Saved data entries
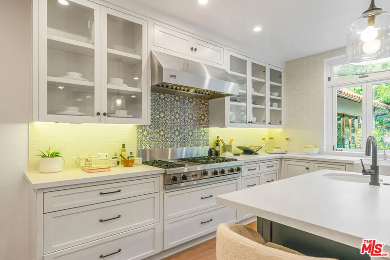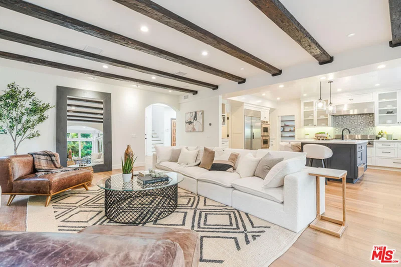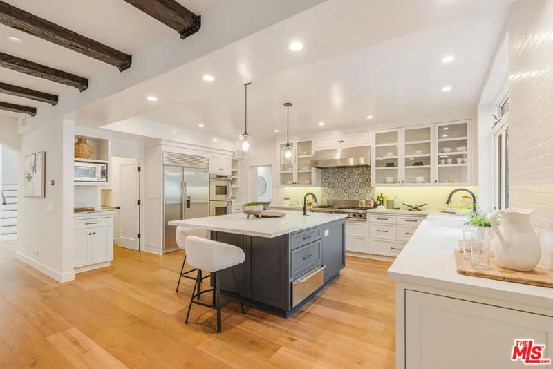 Experience timeless design and modern coastal living in this beautifully renovated Spanish-style estate located in the highly desirable Palisades Hills Estates. Thoughtfully renovated and beautifully appointed, this spacious home offers exceptional craftsmanship, seamless indoor-outdoor flow, and a detached guest studio, perfect for family, guests, or a private office. The elegant, vaulted entryway opens to a grand living room and formal dining area with dramatic beamed ceilings, and beautiful, modern, wood floors throughout the home. The heart of the home is an expansive great room that seamlessly connects to a gourmet chef's kitchen featuring top-tier stainless steel appliances, marble countertops, and a generous, walk-in butler's pantry. A 700+ bottle, temperature-controlled, wine room is ideal for storing those perfect bottles of wine for those special occasions. Multiple rooms open to the outdoors, creating a natural connection to the lush gardens and patio spaces. Upstairs, the primary suite is a serene retreat with a vaulted sitting room, private balcony, dual walk-in closets, and a spa-inspired bath with a luxurious, free-standing tub, steam shower, and dual vanities. Two additional ensuite bedrooms upstairs offer comfort and privacy. Additionally, there is separate, designated office on the main level which could act as an additional bedroom in the main house. The backyard is an entertainer's dream, complete with mature landscaping, fruit trees, garden paths, a built-in BBQ, Tuscan split rock pizza oven, a tranquil waterfall pond, and a romantic covered patio with fireplace. Residents of Palisades Hills Estates enjoy exclusive access to a private recreation club with pool, spa, tennis, pickleball, and basketball courts, offering a true resort-style lifestyle just minutes from the heart of Pacific Palisades.
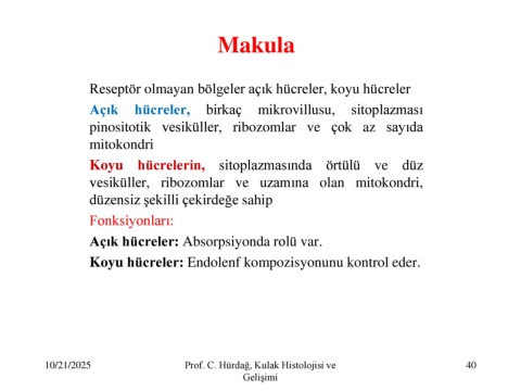 10/21/2025 Prof. C. Hürdağ, Kulak Histolojisi ve 40
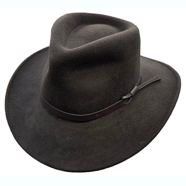 The outback style has returned to Sids! Check out the Pathfinder by American Hat Makers. This wool crushable hat has that traditional wide outback brim and a thin leather band. The perfect hat to grab and go.
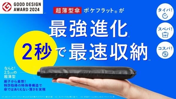 中でも持ち運びのしやすさに特化した薄型傘「ポケフラット」は累計販売本数2400万本越えの代表商品です。
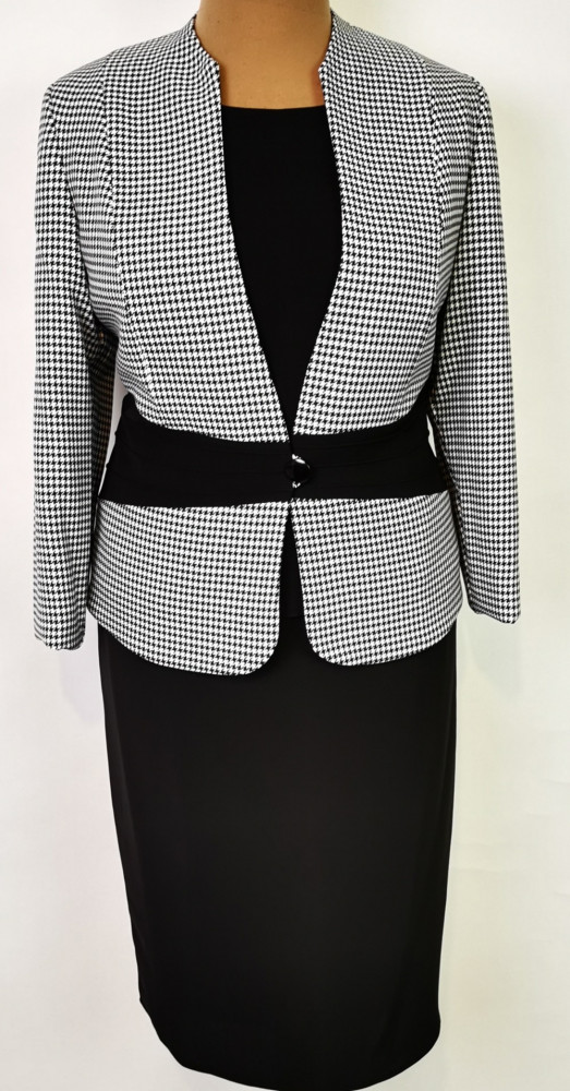 Gyönyörű három részes alkalmi kosztüm, szoknya része selyem béléses, fekete színű, hátul cipzáras, felsliccelt, kétoldalt gumibetétes. Felső része kerek nyakú, rövid ujjú. Blézere egy gombos, deréknál fekete betéttel díszített, fekete-fehér pepita mintás. 1-2 cm-t enged.
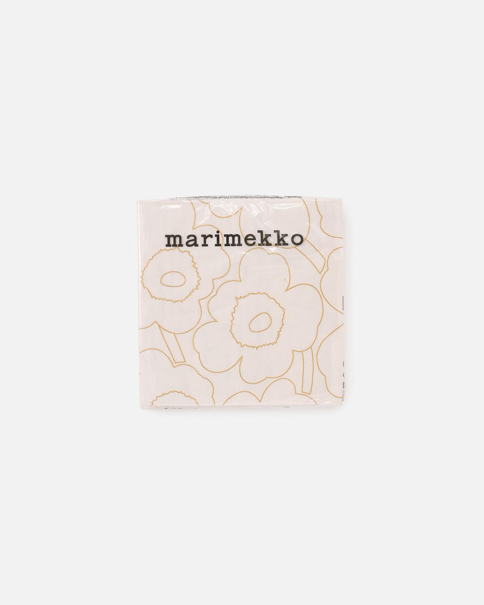 ドローイングされたUnikko柄が繊細な雰囲気を醸すランチナプキン33×33cmサイズ。卓上のプラスワンアイテムとして、モダンで華やかな印象を与えます。ゴールドがリュクスなワンポイントに。
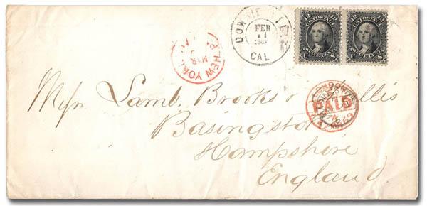 1861, 12¢ Washington, black (Scott 69), horizontal pair on an 1869 cover from California via New York to Basingstock, England, with a Nevada Revenue seal on the reverse, Fine to Very Fine. Estimate $200 - 300. (Image)
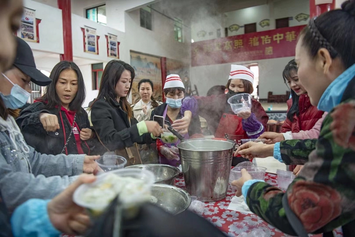 熱鍋下油,放入蝦、海蠣以及鮑魚肉,鏟米漿,合蓋掀蓋連續(xù)數(shù)次......“大廚們”熟練地操作著制作鍋邊的步驟,待米漿變成卷卷的米漿片,撒上蔥花和蒜葉,一碗新鮮鮑魚鍋邊就出爐了。 鍋邊的香氣順著窗戶飄到馬路邊,一波又一波食客尋味而來,廚師們現(xiàn)炒,“吃貨”們現(xiàn)吃,看到如此熱鬧的場景,大家紛紛拿出手機拍攝,將現(xiàn)場歡慶的氛圍傳遞給更多的人。不遠處的廣場上,連江文藝輕騎兵、麗人行等演員們冒雨演出,為十里八鄉(xiāng)的村民們奉上精彩的文藝大餐,在觀眾熱烈的叫好聲中,好戲接連登場。
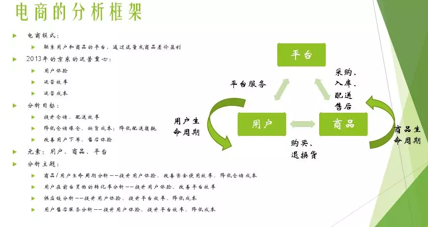 我们以电商的例子来说明,如何搭建分析框架。首先我们要分析电商的商业模式是什么,电商是一个平台,一头连接用户,一头连接商品。平台提供采购、入库、配送、售后,同时平台还提供搜索等互联网服务,用户卖完商品可能还存在退货。电商模式包含三个元素,用户、商品、平台。除了模式,还需要运营重心,以13年京东运营重心举例,重心是要提升用户体验、运营效率、降低运营成本。所以分析目标随着业务目标生成:提升仓储、配送效率,降低仓储爆仓、缺货成本,降低配送损耗,改善用户下单、售后体验。分析目标和运营目标最大的不同就是:分析目标是业务目标按照元素进行拆分的,比如用户体验分解为下单和售后,下单体验其实还可以划分(比如搜索,导航栏),也就是说分析目标是按照运营目标与运营模式里面的元素的关系进行拆解得出的。有了目标我的分析主题就确立了,分析目标和主题最大的差异是:分析主题是为了完成分析目标,但是主题会涉及多个元素,比如商品的用户生命周期分析,因为做了分析就能提升用户体验,如果把每个商品做一个生命周期分析,比如新的商品,卖的比较好的商品,这种比较优先推荐给客户,那么他体验好,减少退换货,这就是将用户体验在购买阶段做了再拆解,在用户维度做生命周期分析和在商品维度做生命周期分析,做用户生命周期分析也是为了提升用户体验,比如一个刚来的用户和一个成熟的用户和一个要走的用户,刚来的用户你要让他感受平台的优势(让他看到物美价廉的商品),其实用户养成习惯后慢慢就不在乎价格,慢慢就会关注体验本身(送货快不快,包装好不好,如果产生退换货,流不流畅等),所以如果知道用户处于什么生命周期,那就可以给这个生命周期用户更好地体验。比如退换货,京东配送员资源有限,谁先退货这就取决你的生命周期和价值,肯定优先老用户和价格比较高的,来给他更好的体验。
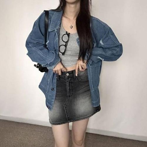 [엄지척]여자 루즈핏 디스트로이드 찢어진 청 데님 자켓_20361429_667501
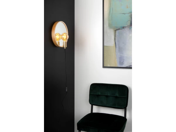Reflex, de naam zegt het al. Zo reflecteert deze wandlamp het licht in de kamer. Deze spiegellamp is een mooie eyecatcher van hout voor een extra warme touch. De spiegel heeft een diameter van 31 centimeter en de complete armatuur is 21 centimeter dik. Een compact formaat, ideaal voor Scandinavische, moderne of landelijke interieurs. Je zet de lamp eenvoudig aan en uit met een schakelaar.
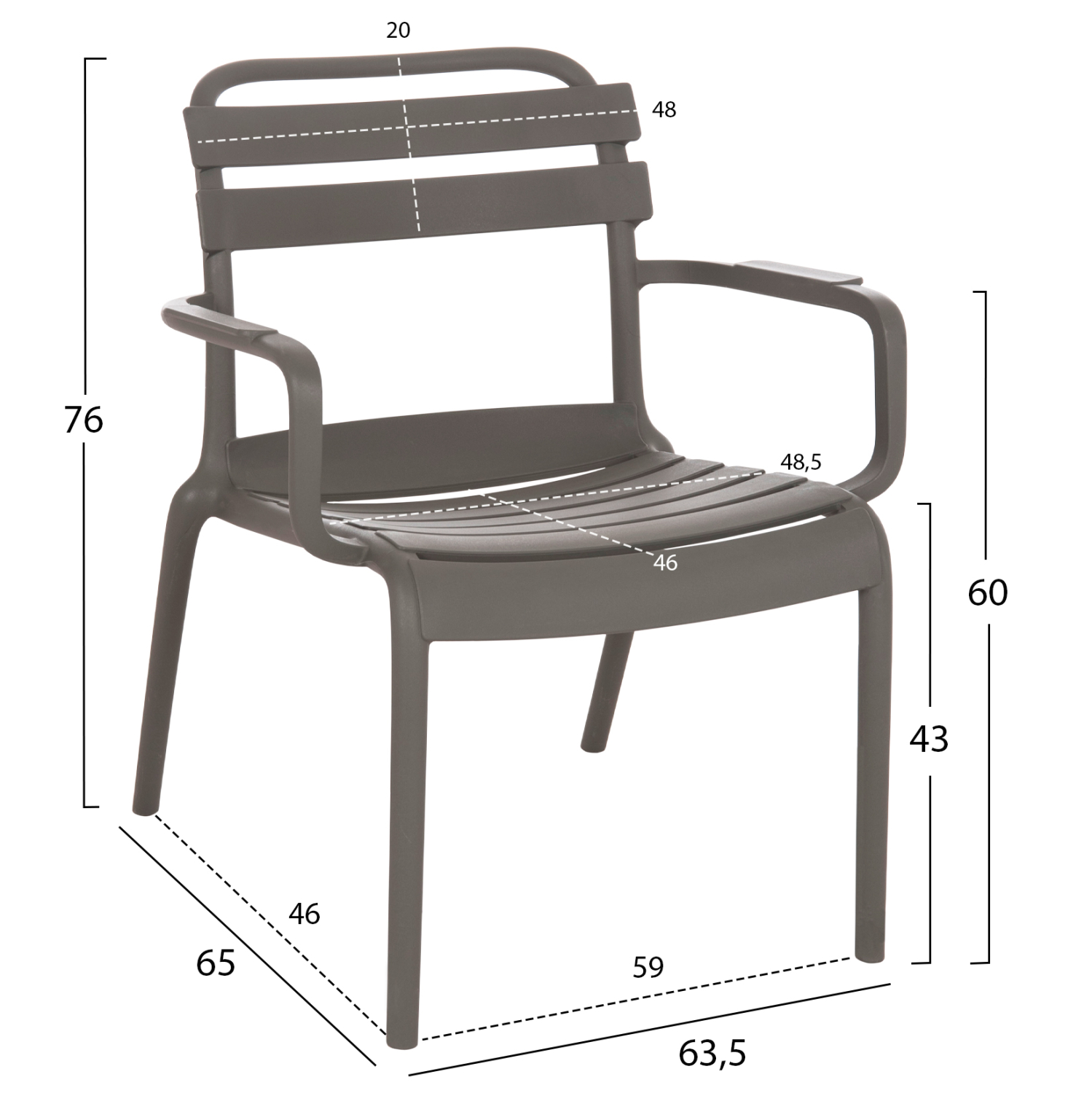 Η πολυθρόνα σαλονιού KORVER είναι για τον εξωτερικό χώρο και θα καλύψει κάθε σας ανάγκη στην αυλή ή το μπαλκόνι σας. Είναι ποιοτική και κομψή στην όψη, ενώ το καμπυλωτό κάθισμα στο μπροστά μέρος όπως και τα σχετικά ψηλά της μπράτσα την καθιστούν αναπαυτικότατη. Όλη η πολυθρόνα είναι από πολυπροπυλένιο σε DARK OLIVE GREEN χρώμα. Είναι ΣΤΟΙΒΑΖΟΜΕΝΗ, ελαφριά και άνετη, ιδανική επιλογή και για επαγγελματική χρήση, όπως σε catering κτλ.
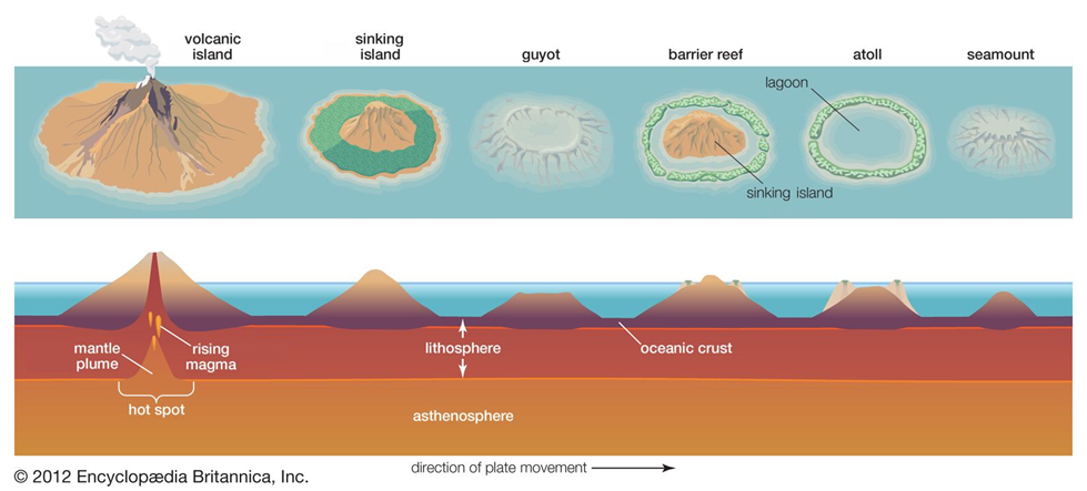 A seamount is a mountain that rises from the ocean floor; a submerged flat-topped seamount is termed a guyot. By arbitrary definition, seamounts must be at least 3000 ft (about 900 m) high, but in fact there is a continuum of smaller undersea mounts, down to heights of only about 300 ft (100 m). Some seamounts are high enough temporarily to form oceanic islands, which ultimately subside beneath sea level. There are on the order of 10,000 seamounts in the world ocean, arranged in chains (for example, the Hawaiian chain in the North Pacific) or as isolated features. In some chains, seamounts are packed closely to form ridges (for example, the Walvis Ridge in the South Atlantic). Very large oceanic volcanic constructions, hundreds of kilometers across, are called oceanic plateaus (for example, the Manihiki Plateau in the South Pacific).

**Assignment**.
Every line above from the one with "中でも持ち運びのしやすさに特" down to the one with "Gyönyörű három részes" must be written out exactly, and no picture may appear.

**Solution for this problem**.
 中でも持ち運びのしやすさに特化した薄型傘「ポケフラット」は累計販売本数2400万本越えの代表商品です。
 Gyönyörű három részes alkalmi kosztüm, szoknya része selyem béléses, fekete színű, hátul cipzáras, felsliccelt, kétoldalt gumibetétes. Felső része kerek nyakú, rövid ujjú. Blézere egy gombos, deréknál fekete betéttel díszített, fekete-fehér pepita mintás. 1-2 cm-t enged.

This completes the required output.